● ACTIVITY
Since only part of the material below is wanted, output exactly the lines from the one with "Bu kapsamda TMMOB" up to and including the one with "L'appuntamento sarà aperto".

● RECORDS SUPPLIED

○ ○ ○ ○ ○ ○ ○

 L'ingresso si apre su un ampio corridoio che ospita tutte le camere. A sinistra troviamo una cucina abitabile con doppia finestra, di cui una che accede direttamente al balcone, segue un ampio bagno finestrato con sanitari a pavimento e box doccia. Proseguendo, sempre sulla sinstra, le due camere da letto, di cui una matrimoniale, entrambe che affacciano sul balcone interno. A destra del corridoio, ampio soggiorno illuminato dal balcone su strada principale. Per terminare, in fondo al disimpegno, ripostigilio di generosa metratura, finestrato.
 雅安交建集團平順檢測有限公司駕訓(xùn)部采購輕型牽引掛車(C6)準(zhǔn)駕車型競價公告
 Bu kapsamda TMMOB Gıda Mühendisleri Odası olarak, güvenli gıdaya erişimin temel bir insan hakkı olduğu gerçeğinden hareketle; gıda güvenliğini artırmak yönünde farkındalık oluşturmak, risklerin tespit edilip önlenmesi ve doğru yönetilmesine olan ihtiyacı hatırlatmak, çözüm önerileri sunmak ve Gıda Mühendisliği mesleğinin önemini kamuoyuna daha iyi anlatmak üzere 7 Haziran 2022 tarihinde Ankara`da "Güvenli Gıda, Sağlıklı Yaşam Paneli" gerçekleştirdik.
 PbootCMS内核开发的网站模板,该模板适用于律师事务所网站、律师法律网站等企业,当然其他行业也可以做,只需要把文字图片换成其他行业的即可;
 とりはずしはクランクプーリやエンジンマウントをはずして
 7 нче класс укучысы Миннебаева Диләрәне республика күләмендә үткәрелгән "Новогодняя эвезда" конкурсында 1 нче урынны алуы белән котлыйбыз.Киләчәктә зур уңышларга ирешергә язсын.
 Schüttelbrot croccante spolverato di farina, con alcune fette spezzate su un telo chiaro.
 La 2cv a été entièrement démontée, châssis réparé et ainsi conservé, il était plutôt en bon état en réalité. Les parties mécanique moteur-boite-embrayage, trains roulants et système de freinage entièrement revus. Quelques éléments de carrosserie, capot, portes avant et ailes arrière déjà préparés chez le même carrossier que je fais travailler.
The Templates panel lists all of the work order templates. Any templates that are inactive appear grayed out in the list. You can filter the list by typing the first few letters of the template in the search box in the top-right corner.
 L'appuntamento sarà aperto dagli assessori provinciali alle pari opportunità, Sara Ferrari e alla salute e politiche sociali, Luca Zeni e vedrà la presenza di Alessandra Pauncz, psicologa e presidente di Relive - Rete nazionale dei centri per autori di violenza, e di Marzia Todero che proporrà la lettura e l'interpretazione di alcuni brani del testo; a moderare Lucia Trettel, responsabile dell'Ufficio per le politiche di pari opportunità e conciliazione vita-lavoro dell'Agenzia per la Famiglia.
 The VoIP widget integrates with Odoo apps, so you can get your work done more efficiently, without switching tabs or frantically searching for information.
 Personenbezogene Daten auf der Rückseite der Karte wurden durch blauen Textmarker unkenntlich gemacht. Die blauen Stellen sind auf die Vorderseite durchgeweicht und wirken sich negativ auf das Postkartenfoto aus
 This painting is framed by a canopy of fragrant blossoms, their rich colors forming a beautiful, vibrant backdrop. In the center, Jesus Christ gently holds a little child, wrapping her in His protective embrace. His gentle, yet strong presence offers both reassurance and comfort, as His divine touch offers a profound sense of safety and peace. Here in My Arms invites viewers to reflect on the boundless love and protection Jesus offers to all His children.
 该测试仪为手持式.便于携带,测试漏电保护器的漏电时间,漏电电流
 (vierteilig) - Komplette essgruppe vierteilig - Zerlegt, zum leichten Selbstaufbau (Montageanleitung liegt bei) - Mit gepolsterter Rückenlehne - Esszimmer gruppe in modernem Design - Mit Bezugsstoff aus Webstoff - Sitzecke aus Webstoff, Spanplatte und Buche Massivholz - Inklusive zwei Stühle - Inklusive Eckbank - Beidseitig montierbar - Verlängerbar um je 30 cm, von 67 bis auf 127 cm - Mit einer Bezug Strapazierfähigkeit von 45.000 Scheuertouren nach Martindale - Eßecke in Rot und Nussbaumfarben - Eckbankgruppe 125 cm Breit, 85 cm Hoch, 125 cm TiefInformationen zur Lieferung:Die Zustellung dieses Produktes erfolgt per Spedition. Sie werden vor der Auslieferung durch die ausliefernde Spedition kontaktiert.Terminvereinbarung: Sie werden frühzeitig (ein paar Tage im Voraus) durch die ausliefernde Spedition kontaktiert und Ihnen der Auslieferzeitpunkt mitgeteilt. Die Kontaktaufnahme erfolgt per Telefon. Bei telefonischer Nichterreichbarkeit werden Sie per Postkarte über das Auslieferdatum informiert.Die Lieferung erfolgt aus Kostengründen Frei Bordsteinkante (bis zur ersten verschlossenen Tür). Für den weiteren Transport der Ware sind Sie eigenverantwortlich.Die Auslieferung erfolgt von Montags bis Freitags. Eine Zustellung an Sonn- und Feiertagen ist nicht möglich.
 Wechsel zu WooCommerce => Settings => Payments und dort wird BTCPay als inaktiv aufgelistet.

○ ○ ○ ○ ○ ○ ○

● FINISHED TASK
 Bu kapsamda TMMOB Gıda Mühendisleri Odası olarak, güvenli gıdaya erişimin temel bir insan hakkı olduğu gerçeğinden hareketle; gıda güvenliğini artırmak yönünde farkındalık oluşturmak, risklerin tespit edilip önlenmesi ve doğru yönetilmesine olan ihtiyacı hatırlatmak, çözüm önerileri sunmak ve Gıda Mühendisliği mesleğinin önemini kamuoyuna daha iyi anlatmak üzere 7 Haziran 2022 tarihinde Ankara`da "Güvenli Gıda, Sağlıklı Yaşam Paneli" gerçekleştirdik.
 PbootCMS内核开发的网站模板,该模板适用于律师事务所网站、律师法律网站等企业,当然其他行业也可以做,只需要把文字图片换成其他行业的即可;
 とりはずしはクランクプーリやエンジンマウントをはずして
 7 нче класс укучысы Миннебаева Диләрәне республика күләмендә үткәрелгән "Новогодняя эвезда" конкурсында 1 нче урынны алуы белән котлыйбыз.Киләчәктә зур уңышларга ирешергә язсын.
 Schüttelbrot croccante spolverato di farina, con alcune fette spezzate su un telo chiaro.
 La 2cv a été entièrement démontée, châssis réparé et ainsi conservé, il était plutôt en bon état en réalité. Les parties mécanique moteur-boite-embrayage, trains roulants et système de freinage entièrement revus. Quelques éléments de carrosserie, capot, portes avant et ailes arrière déjà préparés chez le même carrossier que je fais travailler.
The Templates panel lists all of the work order templates. Any templates that are inactive appear grayed out in the list. You can filter the list by typing the first few letters of the template in the search box in the top-right corner.
 L'appuntamento sarà aperto dagli assessori provinciali alle pari opportunità, Sara Ferrari e alla salute e politiche sociali, Luca Zeni e vedrà la presenza di Alessandra Pauncz, psicologa e presidente di Relive - Rete nazionale dei centri per autori di violenza, e di Marzia Todero che proporrà la lettura e l'interpretazione di alcuni brani del testo; a moderare Lucia Trettel, responsabile dell'Ufficio per le politiche di pari opportunità e conciliazione vita-lavoro dell'Agenzia per la Famiglia.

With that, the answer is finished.